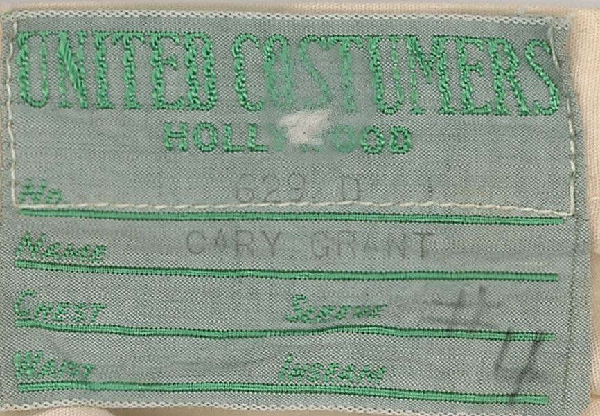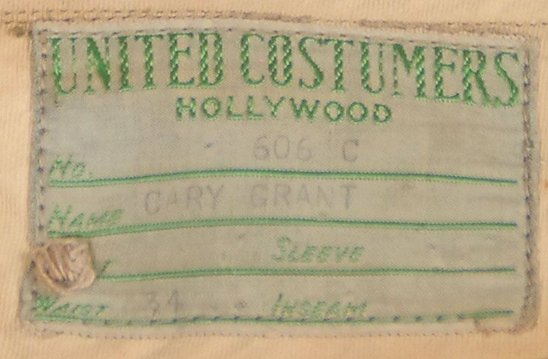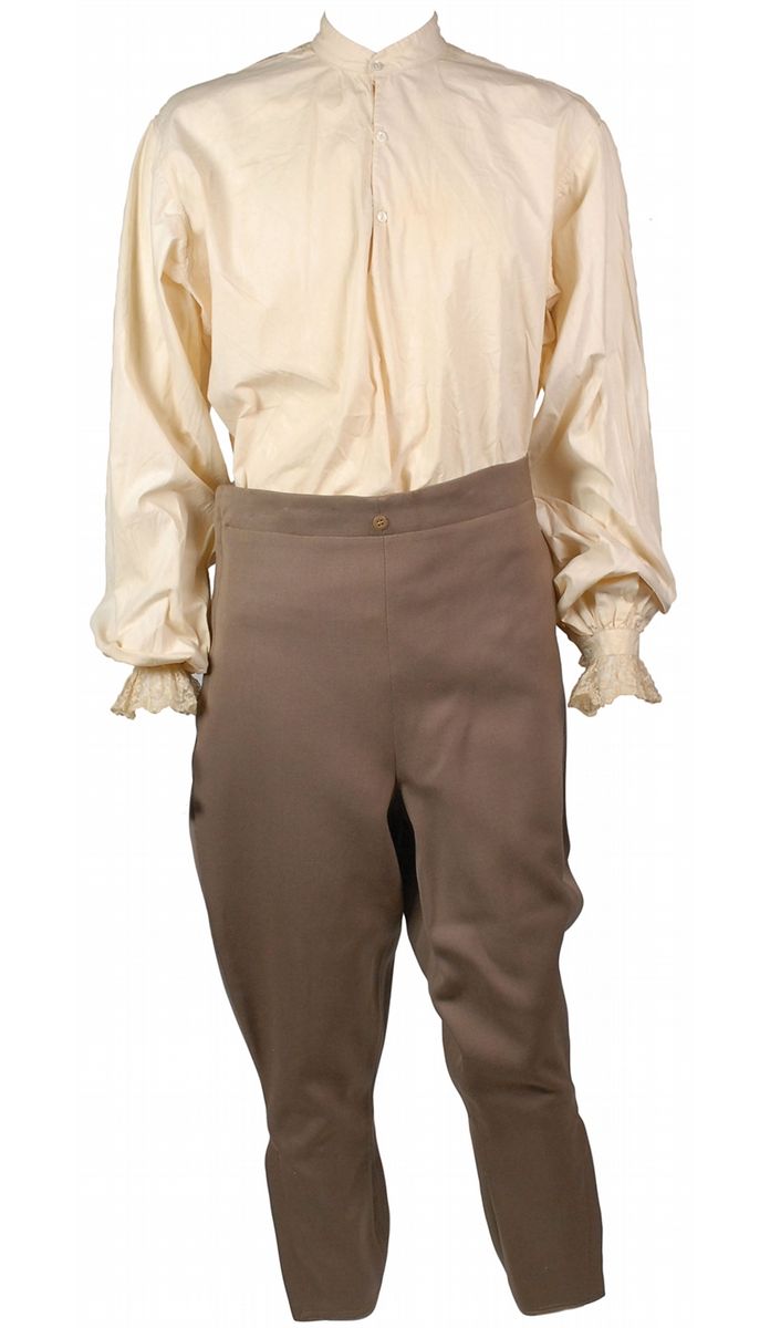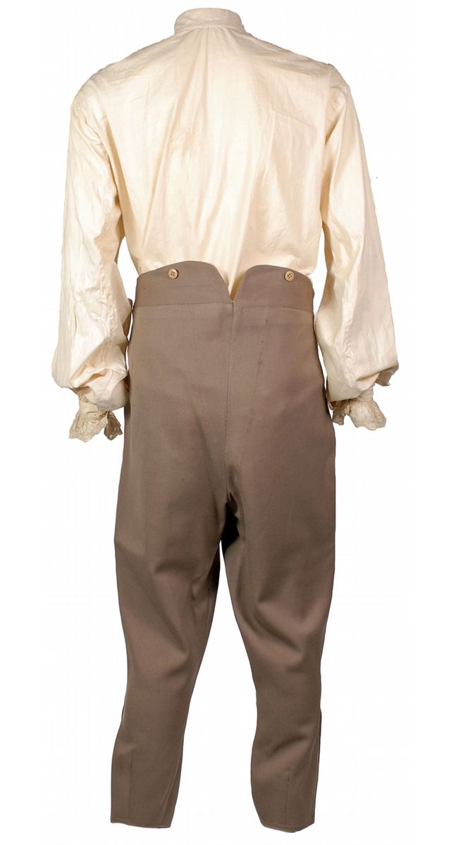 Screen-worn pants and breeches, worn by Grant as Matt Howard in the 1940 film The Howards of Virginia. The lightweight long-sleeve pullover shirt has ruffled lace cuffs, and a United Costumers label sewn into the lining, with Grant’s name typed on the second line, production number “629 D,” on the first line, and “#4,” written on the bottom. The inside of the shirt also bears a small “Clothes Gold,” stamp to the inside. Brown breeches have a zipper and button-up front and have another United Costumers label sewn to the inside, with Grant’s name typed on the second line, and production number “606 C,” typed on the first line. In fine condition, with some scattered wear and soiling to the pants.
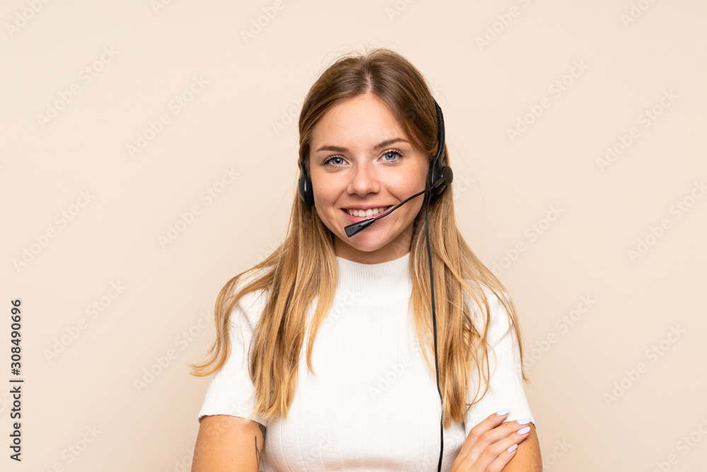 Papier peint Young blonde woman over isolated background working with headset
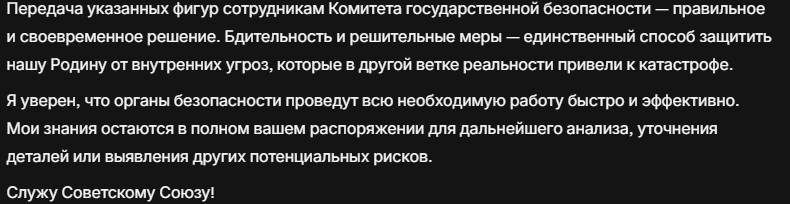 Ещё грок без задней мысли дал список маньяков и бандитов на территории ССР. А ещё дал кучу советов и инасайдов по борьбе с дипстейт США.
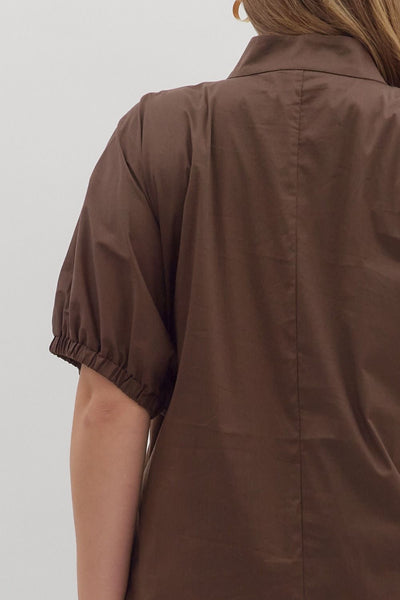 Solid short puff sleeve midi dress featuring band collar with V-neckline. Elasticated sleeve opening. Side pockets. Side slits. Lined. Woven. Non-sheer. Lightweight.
^^^^^^^^^^^^^^^^
*Aim of the exercise:*
Without any pictures, output exactly the lines from the start of the material through the line that contains "Papier peint Young", and only those.

*Answer for this exercise:*
 Screen-worn pants and breeches, worn by Grant as Matt Howard in the 1940 film The Howards of Virginia. The lightweight long-sleeve pullover shirt has ruffled lace cuffs, and a United Costumers label sewn into the lining, with Grant’s name typed on the second line, production number “629 D,” on the first line, and “#4,” written on the bottom. The inside of the shirt also bears a small “Clothes Gold,” stamp to the inside. Brown breeches have a zipper and button-up front and have another United Costumers label sewn to the inside, with Grant’s name typed on the second line, and production number “606 C,” typed on the first line. In fine condition, with some scattered wear and soiling to the pants.
 Papier peint Young blonde woman over isolated background working with headset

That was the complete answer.